Just now, I've been confirmed by my Mortgage Broker, that Bankwest is not accepting LVR greater than 80%
So I guess for my next investment journey, it is going to be very hard to look for vendor which still allows 88% LVR.
Especially after reading this article: http://www.mortgagebusiness.com.au/breaking-news/8587-apra-to-turn-screws-on-lending-market
Interesting article, thanks for posting - i think his partly right as to possible next steps.
IMF are in town this week/month i believe and will report within a few months, i strongly suspect they'll come out with a pretty headline worthy report stating that we're in bubble territory in Sydney and action is required. Their quite strong macro-prudential intervention and tightening to serviceability calculators is a small step compared to hard LVR caps. Given this is well and truly in their mandate/expertise, its likely to send a strong message out.

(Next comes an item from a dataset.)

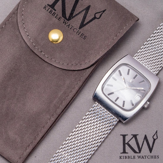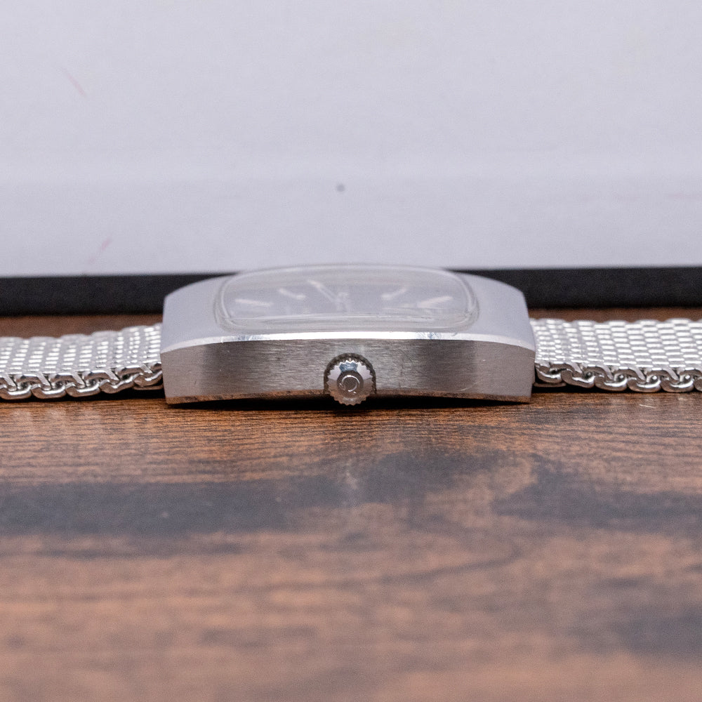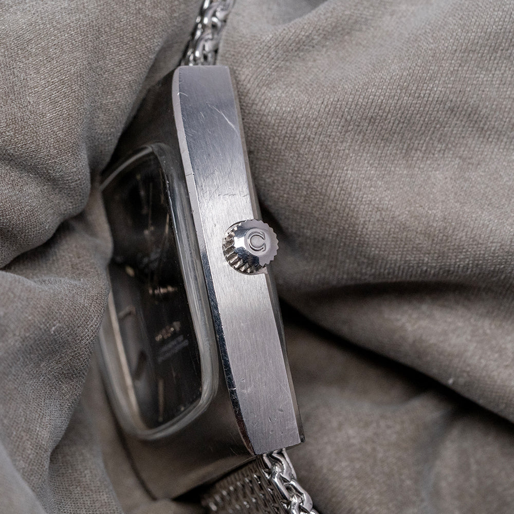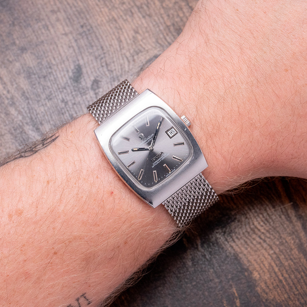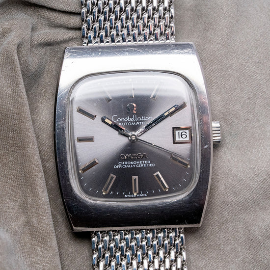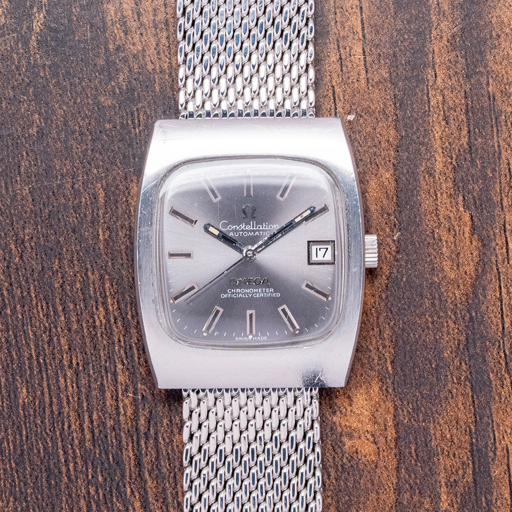 Here we have a rare classic 1973 Omega Constellation 'Chronometer' Auto 33mm 168.0058. Omega first introduced the Constellation in 1952. At the time, it was Omega's flagship timepiece. The first models had a Cal. 354 bumper movement in them. Later, in 1955, Omega introduced the Automatic Cal. 50x, followed in 1959 by the Cal.55x (no date) and 56x (date) versions. Many of the Constellations came with pie-pan dials, diamond indexes, and fancy lug configurations. The eight stars above the Observatory stand for the many exploits of Omega in the world Chronometer competition. Celebrating the fact that all Constellations are Chronometer Certified. Featuring a 33mm stainless steel tonneau-shaped case with hidden lugs that flow into the mesh bracelet, its design is unapologetically 1970s. The curved, seamless flanks lead to a lug-to-lug length of 38.5mm and a case thickness of 9mm, ensuring a comfortable fit on your wrist. On the right side sits a signed crown. The raised flat 1970s TV-shaped crystal protects a sunburst grey dial. The outer minute track features Tritium pips above applied facet-edged baton indexes filled in black to mark the hours. Slim steel stick hands tipped in tritium are complemented with a tapered sweeping seconds hand. At 3 o’clock, a framed date window. At noon, we have Omega, “Constellation Automatic,” printed underneath, and at 6 o’clock, an applied Omega motif, "Chronometer Officially Certified". On the reverse, a screwed-down solid case back features an embossed Geneva Observatory and eight stars. Inside, we find an Automatic Omega Cal. 1012, with 23 jewels and a frequency of 28,800 beats per hour. It has a quick-set date and hacking seconds for your convenience, produced from 1972 to 1984. It comes paired with its 20mm generic mesh bracelet secured by a folding clasp.
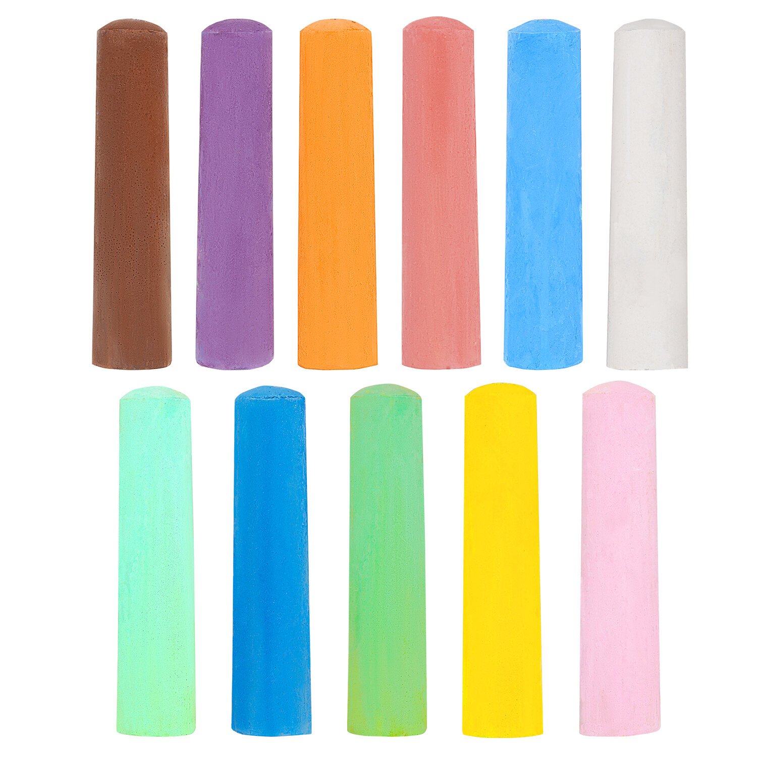Невероятно большой набор из 52 мелков! В набор входят два белых мелка, а также по пять мелков десяти разных цветов: красный, желтый, зеленый, светло-зеленый, оранжевый, голубой, светло-голубой, коричневый, розовый, фиолетовый. Благодаря круглой утолщенной форме мел удобно ложится в руку. Изготовлен из высококачественного природного сырья, нетоксичен. Легко смывается с рук. Мел упакован в пластиковый контейнер – идеально, чтобы хранить мел или брать его с собой.

APRAs next move, if required, is more direct intervention (LVR caps). If this doesn't cool than expect APRA to make changes here.
Nonetheless, it's stupid to say that this round of changes hasn't worked. Its barely been in existence and has a lag time to take an effect on prices/market.
They'll give it some time, obtain the next round of lending data from individual lenders, do their consultations (talk to all the banks), and then act if necessary. If Sydney keeps running they'll be forced to act and by the looks of this round of changes, they don't favour geographic based policy.
I posted about APRA's possible gameplan (at least my knowledge/expectations of it) in January. The only surprising part of it to me is the speed of all these changes. They've gone so strong to start with (I thought it'd be smaller steps to start, then these current changes and then direct intervention). Also his statement about the serviceability changes is that Byres made it sound permanent improvements to our prudential framework, NOT temporary (the pricing part is temporary).
In saying that, banks always find ways to innovate. Their strongly incentivised to. I'm sure in a downmarket where credit growth sits <5% APRA won't be as worried with people trying to leverage up. Banks (first and second tiers under APRA's purview) may find innovative ways to circle this.